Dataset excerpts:
·····
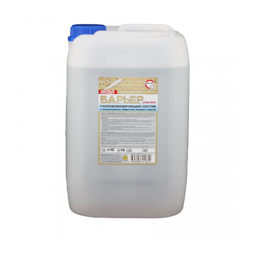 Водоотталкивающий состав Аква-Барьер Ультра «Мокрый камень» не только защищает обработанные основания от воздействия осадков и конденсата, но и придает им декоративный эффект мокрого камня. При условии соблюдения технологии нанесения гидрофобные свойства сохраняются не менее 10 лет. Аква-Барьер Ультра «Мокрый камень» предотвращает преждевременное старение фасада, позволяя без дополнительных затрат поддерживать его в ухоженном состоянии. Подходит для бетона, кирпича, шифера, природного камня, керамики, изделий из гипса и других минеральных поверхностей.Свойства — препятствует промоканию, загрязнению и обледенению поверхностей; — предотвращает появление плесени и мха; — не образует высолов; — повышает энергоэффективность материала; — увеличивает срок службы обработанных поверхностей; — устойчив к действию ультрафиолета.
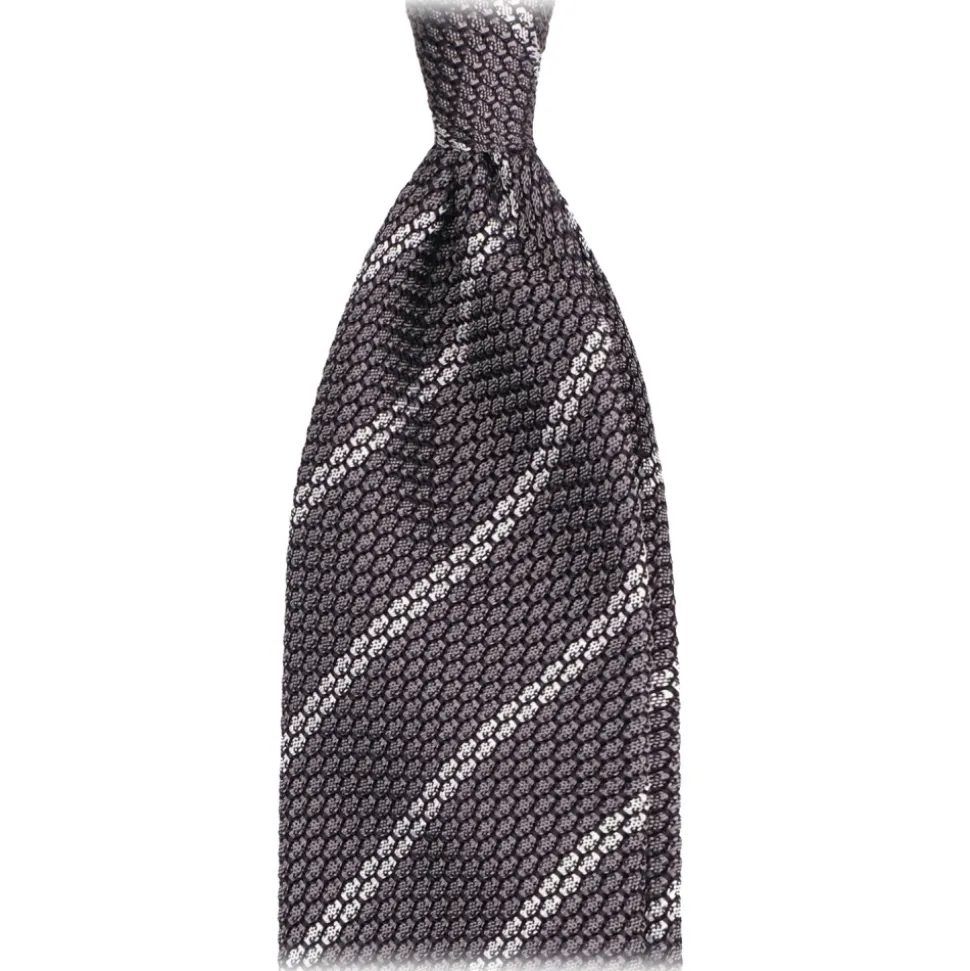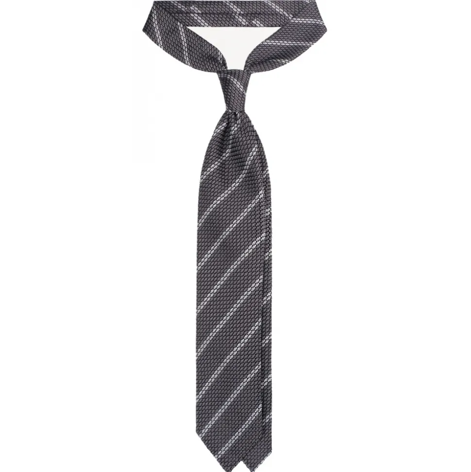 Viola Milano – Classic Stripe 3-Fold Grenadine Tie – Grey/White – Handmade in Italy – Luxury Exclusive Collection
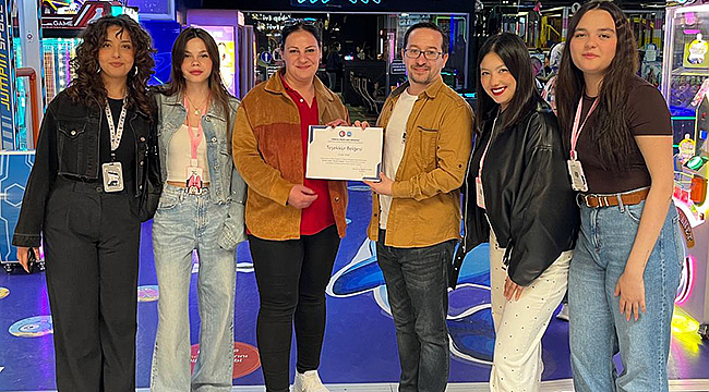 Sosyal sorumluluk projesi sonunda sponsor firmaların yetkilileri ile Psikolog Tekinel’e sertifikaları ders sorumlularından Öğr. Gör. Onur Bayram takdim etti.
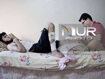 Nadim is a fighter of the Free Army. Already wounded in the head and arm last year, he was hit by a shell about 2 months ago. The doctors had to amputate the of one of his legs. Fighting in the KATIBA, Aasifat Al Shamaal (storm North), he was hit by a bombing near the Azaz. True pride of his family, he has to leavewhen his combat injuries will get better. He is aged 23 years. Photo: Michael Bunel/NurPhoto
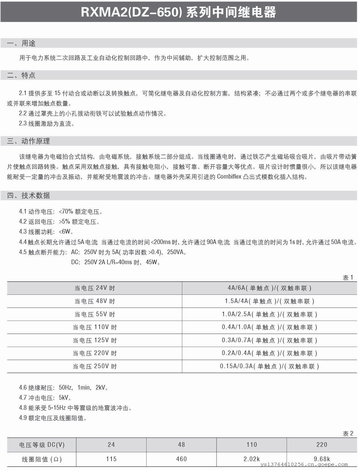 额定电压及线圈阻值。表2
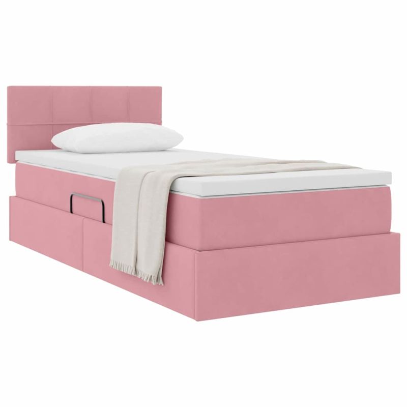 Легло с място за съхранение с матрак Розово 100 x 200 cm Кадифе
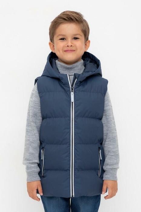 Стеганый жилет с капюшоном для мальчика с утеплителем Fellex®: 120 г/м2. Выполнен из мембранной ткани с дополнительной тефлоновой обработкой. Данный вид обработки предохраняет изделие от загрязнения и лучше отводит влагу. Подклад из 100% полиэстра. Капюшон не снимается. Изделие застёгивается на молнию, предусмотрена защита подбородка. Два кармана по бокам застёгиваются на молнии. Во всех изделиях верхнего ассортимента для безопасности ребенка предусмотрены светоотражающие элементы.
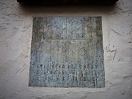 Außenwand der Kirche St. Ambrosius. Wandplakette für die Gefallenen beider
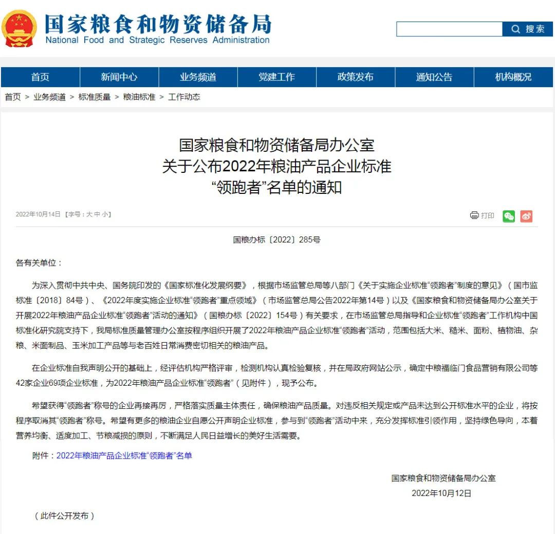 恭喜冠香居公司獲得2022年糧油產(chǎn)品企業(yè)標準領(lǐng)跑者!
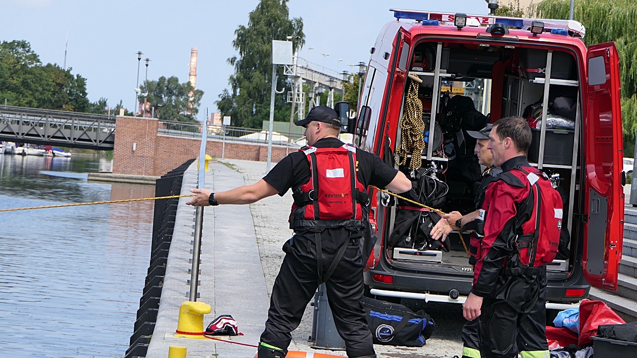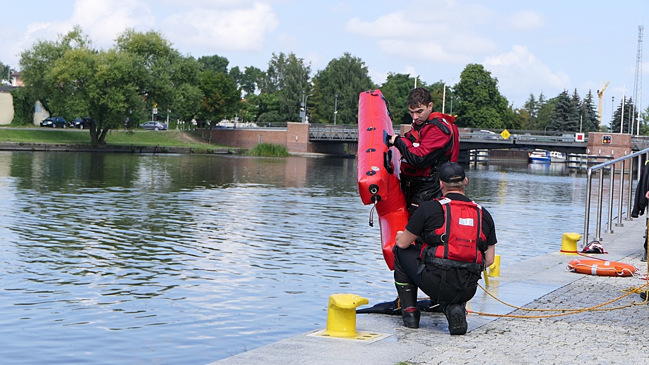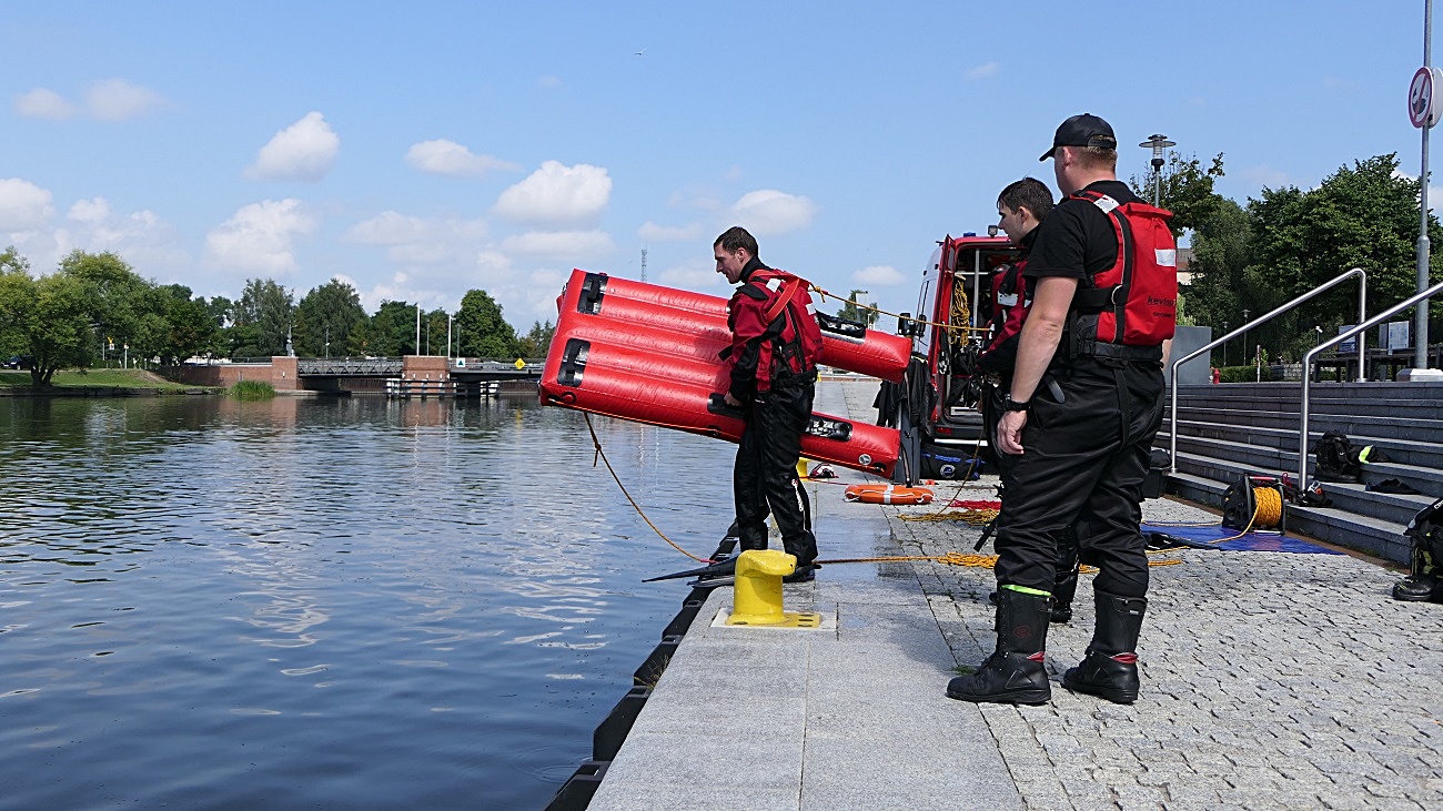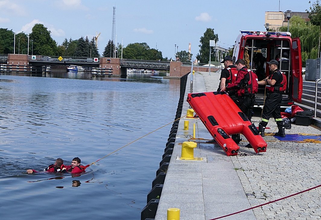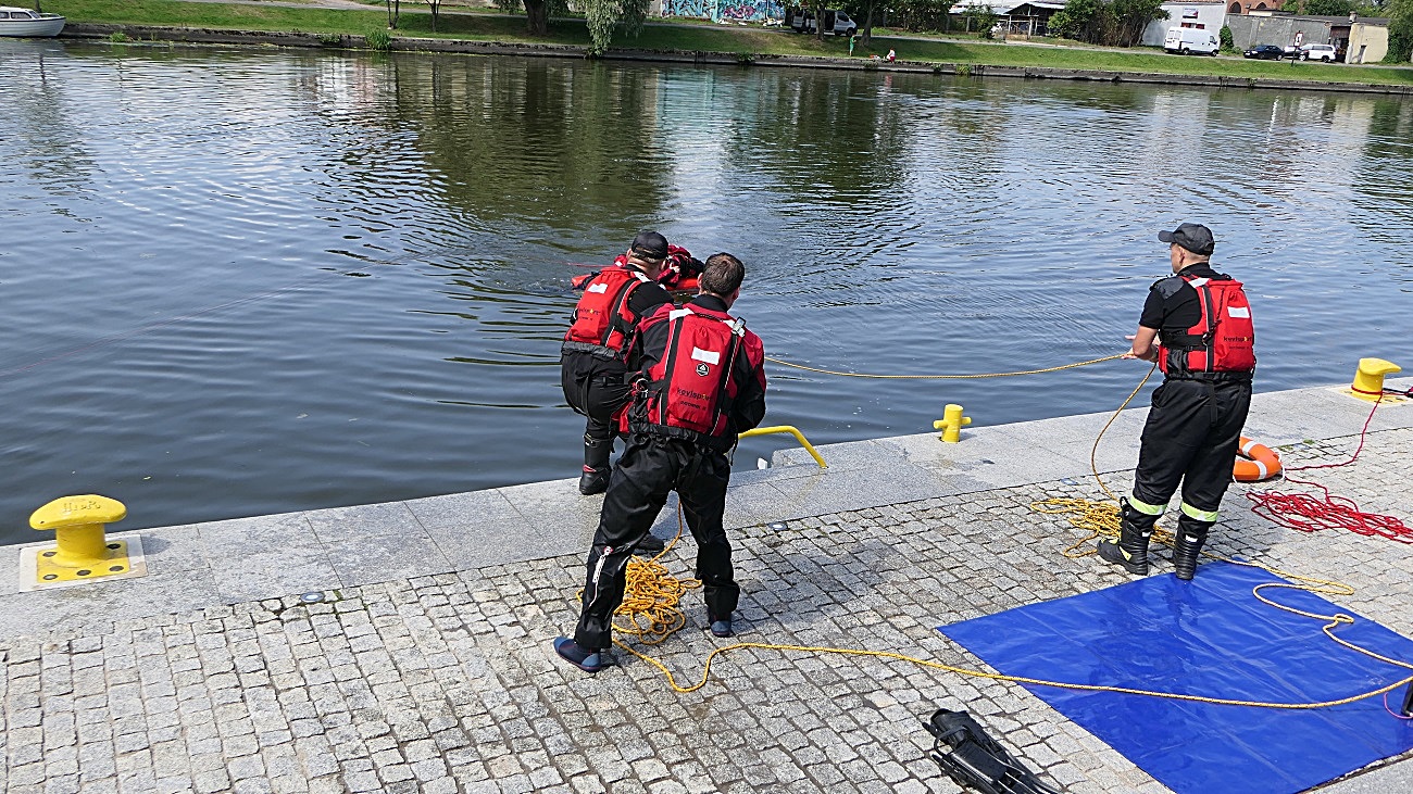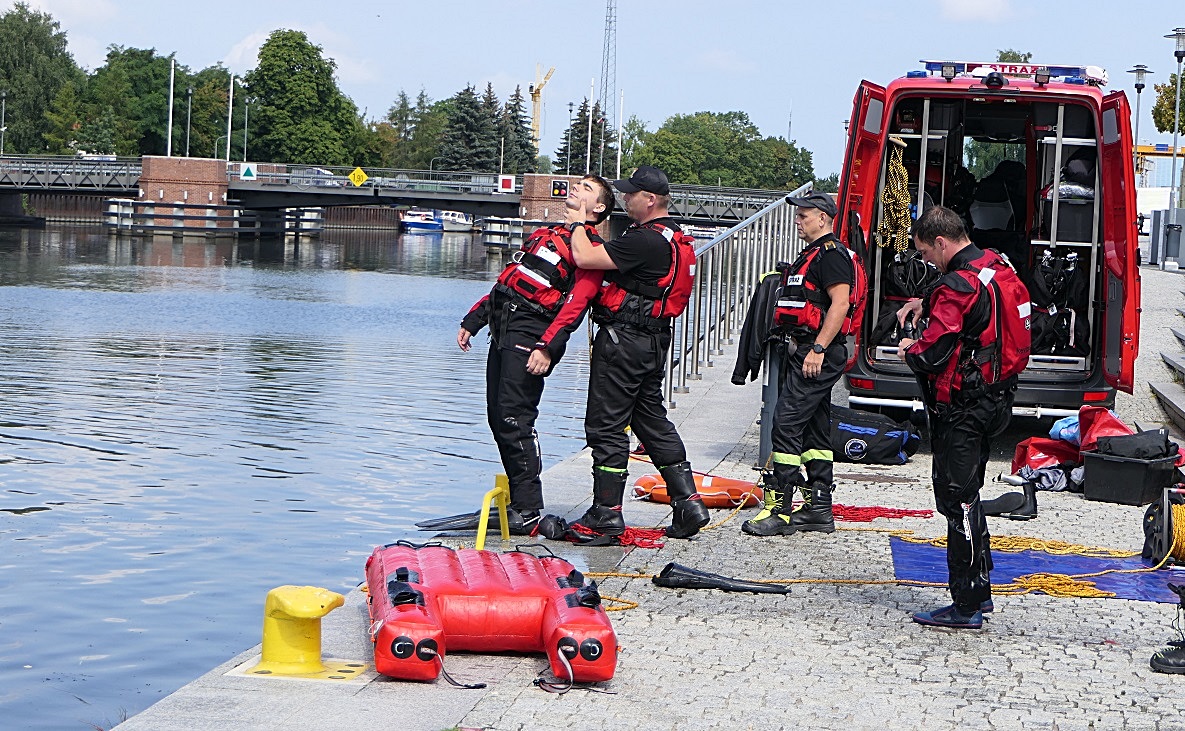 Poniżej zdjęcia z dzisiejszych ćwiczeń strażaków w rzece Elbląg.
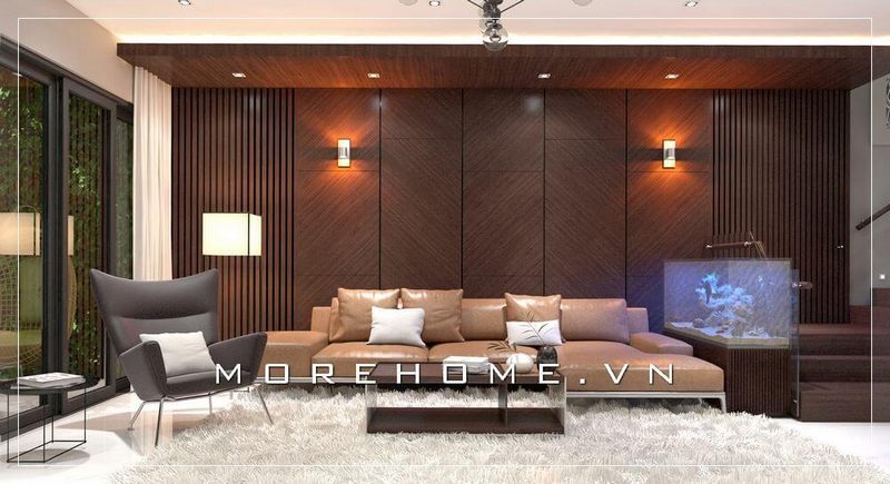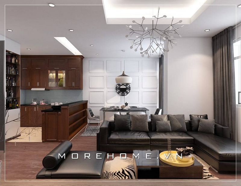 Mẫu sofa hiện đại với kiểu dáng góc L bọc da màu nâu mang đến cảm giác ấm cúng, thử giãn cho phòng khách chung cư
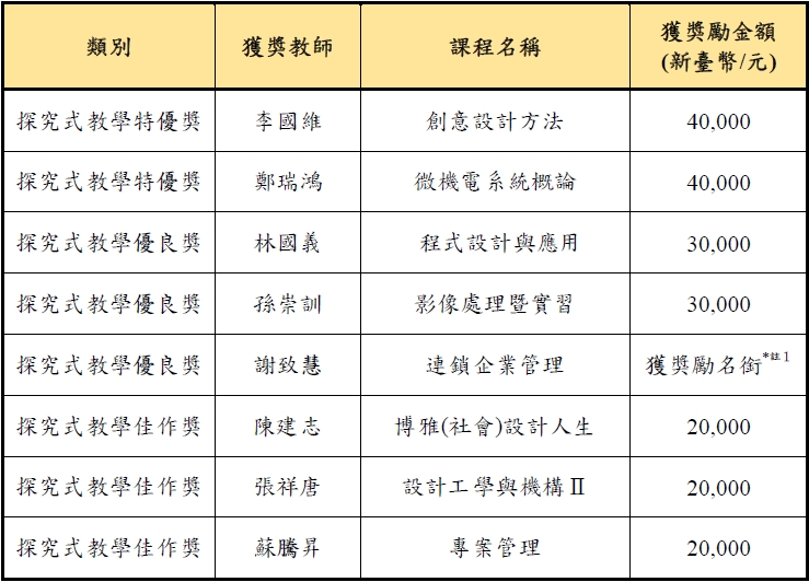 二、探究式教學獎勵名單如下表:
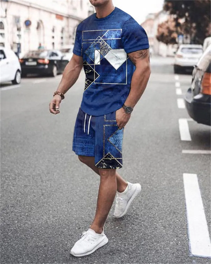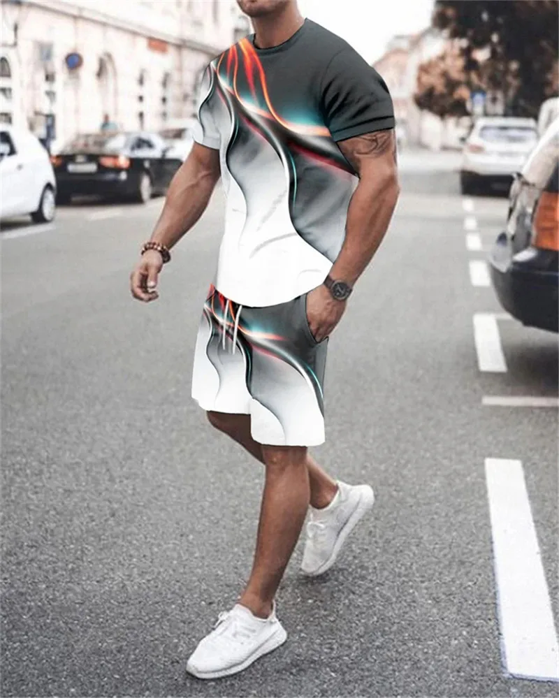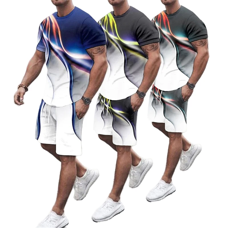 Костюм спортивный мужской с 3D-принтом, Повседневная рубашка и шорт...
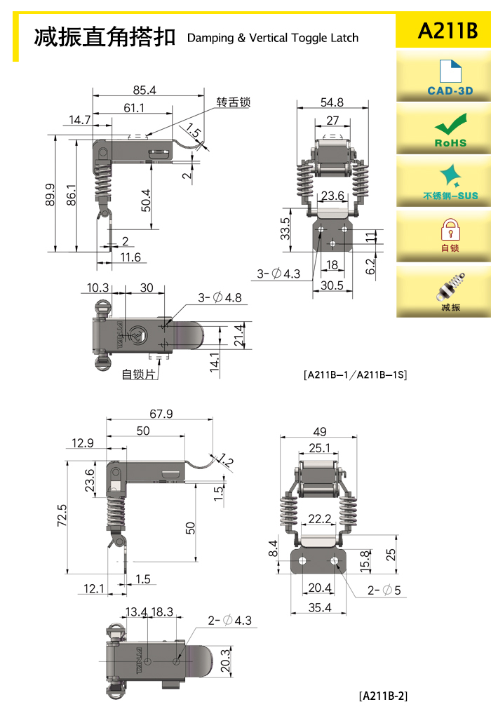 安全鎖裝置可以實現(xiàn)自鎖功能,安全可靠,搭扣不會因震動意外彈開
·····
Directions: The records above should be reproduced exactly, with the pictures omitted.

Completed exercise:
 Водоотталкивающий состав Аква-Барьер Ультра «Мокрый камень» не только защищает обработанные основания от воздействия осадков и конденсата, но и придает им декоративный эффект мокрого камня. При условии соблюдения технологии нанесения гидрофобные свойства сохраняются не менее 10 лет. Аква-Барьер Ультра «Мокрый камень» предотвращает преждевременное старение фасада, позволяя без дополнительных затрат поддерживать его в ухоженном состоянии. Подходит для бетона, кирпича, шифера, природного камня, керамики, изделий из гипса и других минеральных поверхностей.Свойства — препятствует промоканию, загрязнению и обледенению поверхностей; — предотвращает появление плесени и мха; — не образует высолов; — повышает энергоэффективность материала; — увеличивает срок службы обработанных поверхностей; — устойчив к действию ультрафиолета.
 Viola Milano – Classic Stripe 3-Fold Grenadine Tie – Grey/White – Handmade in Italy – Luxury Exclusive Collection
 Sosyal sorumluluk projesi sonunda sponsor firmaların yetkilileri ile Psikolog Tekinel’e sertifikaları ders sorumlularından Öğr. Gör. Onur Bayram takdim etti.
 Nadim is a fighter of the Free Army. Already wounded in the head and arm last year, he was hit by a shell about 2 months ago. The doctors had to amputate the of one of his legs. Fighting in the KATIBA, Aasifat Al Shamaal (storm North), he was hit by a bombing near the Azaz. True pride of his family, he has to leavewhen his combat injuries will get better. He is aged 23 years. Photo: Michael Bunel/NurPhoto
 额定电压及线圈阻值。表2
 Легло с място за съхранение с матрак Розово 100 x 200 cm Кадифе
 Стеганый жилет с капюшоном для мальчика с утеплителем Fellex®: 120 г/м2. Выполнен из мембранной ткани с дополнительной тефлоновой обработкой. Данный вид обработки предохраняет изделие от загрязнения и лучше отводит влагу. Подклад из 100% полиэстра. Капюшон не снимается. Изделие застёгивается на молнию, предусмотрена защита подбородка. Два кармана по бокам застёгиваются на молнии. Во всех изделиях верхнего ассортимента для безопасности ребенка предусмотрены светоотражающие элементы.
 Außenwand der Kirche St. Ambrosius. Wandplakette für die Gefallenen beider
 恭喜冠香居公司獲得2022年糧油產(chǎn)品企業(yè)標準領(lǐng)跑者!
 Poniżej zdjęcia z dzisiejszych ćwiczeń strażaków w rzece Elbląg.
 Mẫu sofa hiện đại với kiểu dáng góc L bọc da màu nâu mang đến cảm giác ấm cúng, thử giãn cho phòng khách chung cư
 二、探究式教學獎勵名單如下表:
 Костюм спортивный мужской с 3D-принтом, Повседневная рубашка и шорт...
 安全鎖裝置可以實現(xiàn)自鎖功能,安全可靠,搭扣不會因震動意外彈開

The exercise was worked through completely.